DIRECTIONS FOR THIS TASK:
Leave the pictures out and return every line below exactly.

INFORMATION PROVIDED:
<<<<
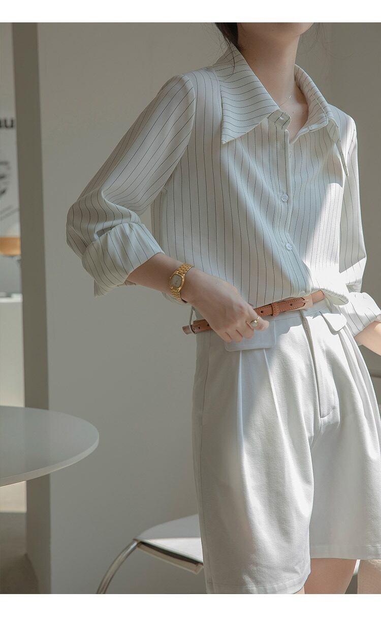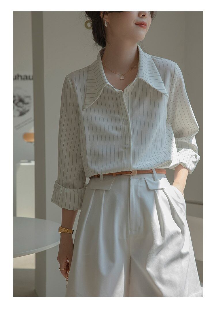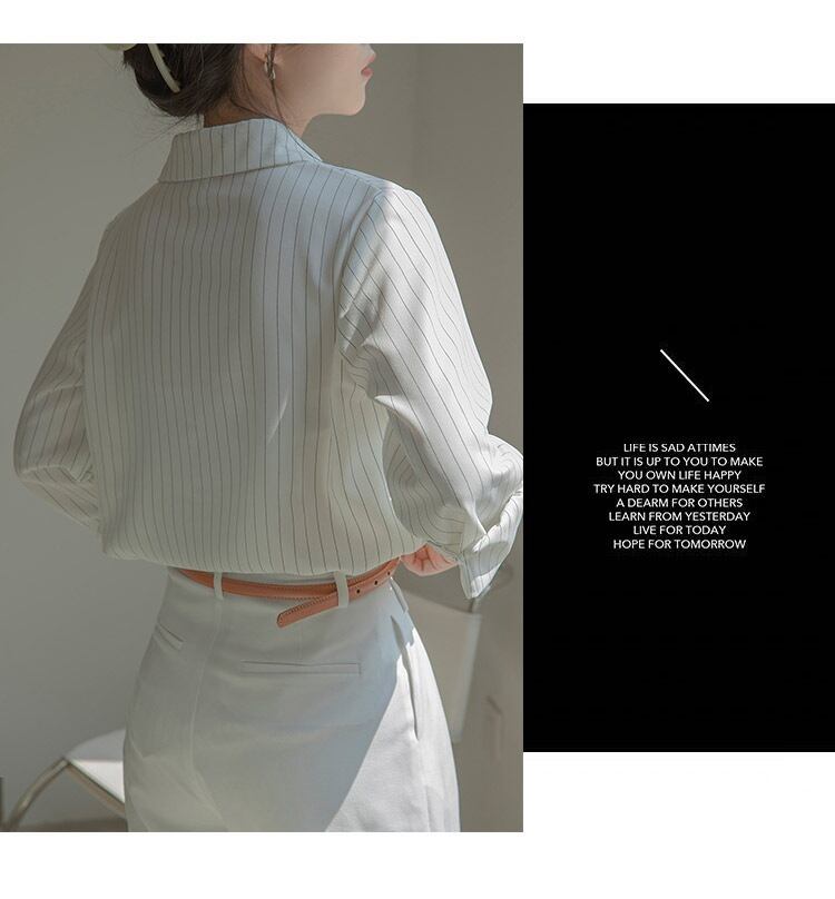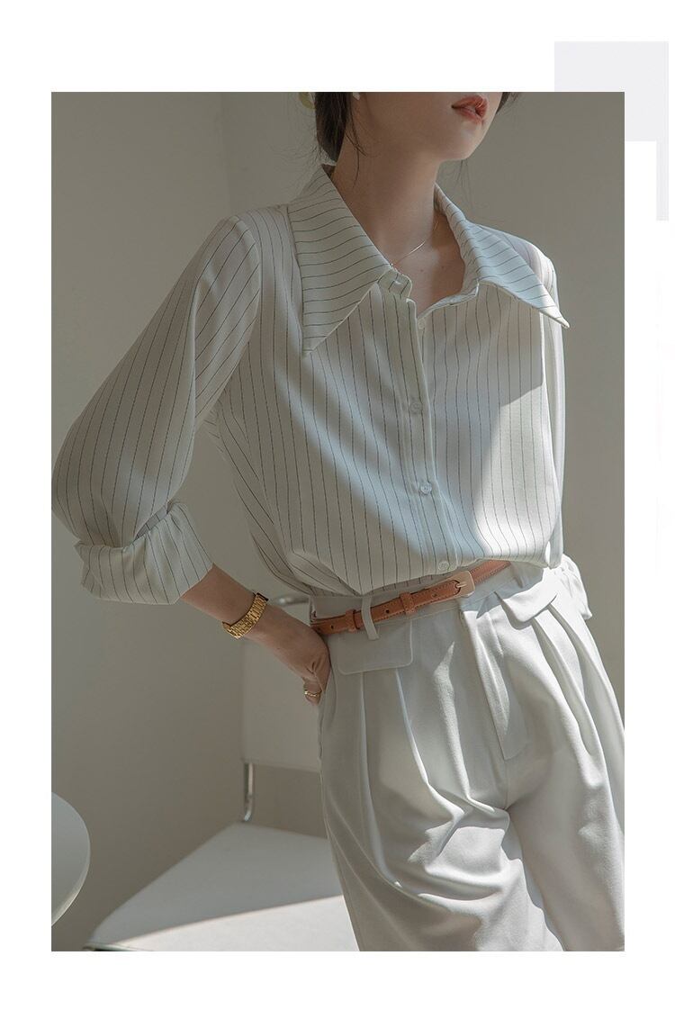 ホワイトカラーのストライプ柄長袖シャツブラウス。
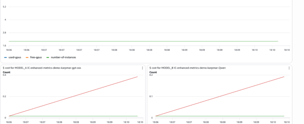 - View how much each model costs. With multiple models sharing the same infrastructure, calculating the true cost per model can be complex. With enhanced metrics, we can now calculate and associate cost per model by tracking GPU allocation at the inference component level.
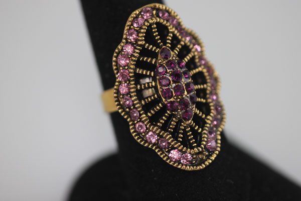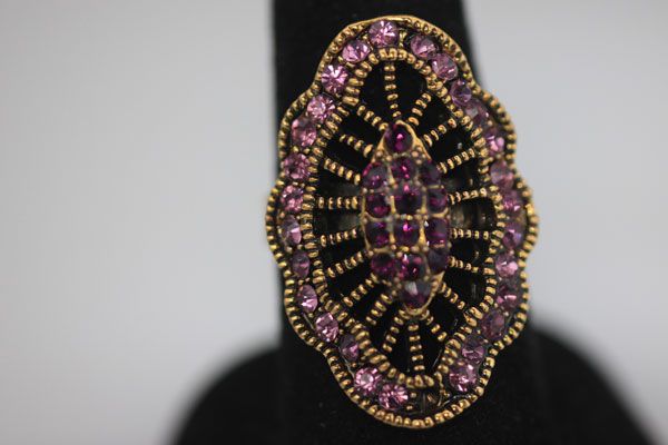 FASHION JEWELRY BRASS RING; SYNTHETIC CZ **|**|** FASHION JEWELRY BRASS RING; EYE SHAPED; SYNTHETIC PURPLE CZ; ADJUSTABLE SIZE ; MSRP: $0
>>>>
RESPONSE TO THE TASK:
 ホワイトカラーのストライプ柄長袖シャツブラウス。
 - View how much each model costs. With multiple models sharing the same infrastructure, calculating the true cost per model can be complex. With enhanced metrics, we can now calculate and associate cost per model by tracking GPU allocation at the inference component level.
 FASHION JEWELRY BRASS RING; SYNTHETIC CZ **|**|** FASHION JEWELRY BRASS RING; EYE SHAPED; SYNTHETIC PURPLE CZ; ADJUSTABLE SIZE ; MSRP: $0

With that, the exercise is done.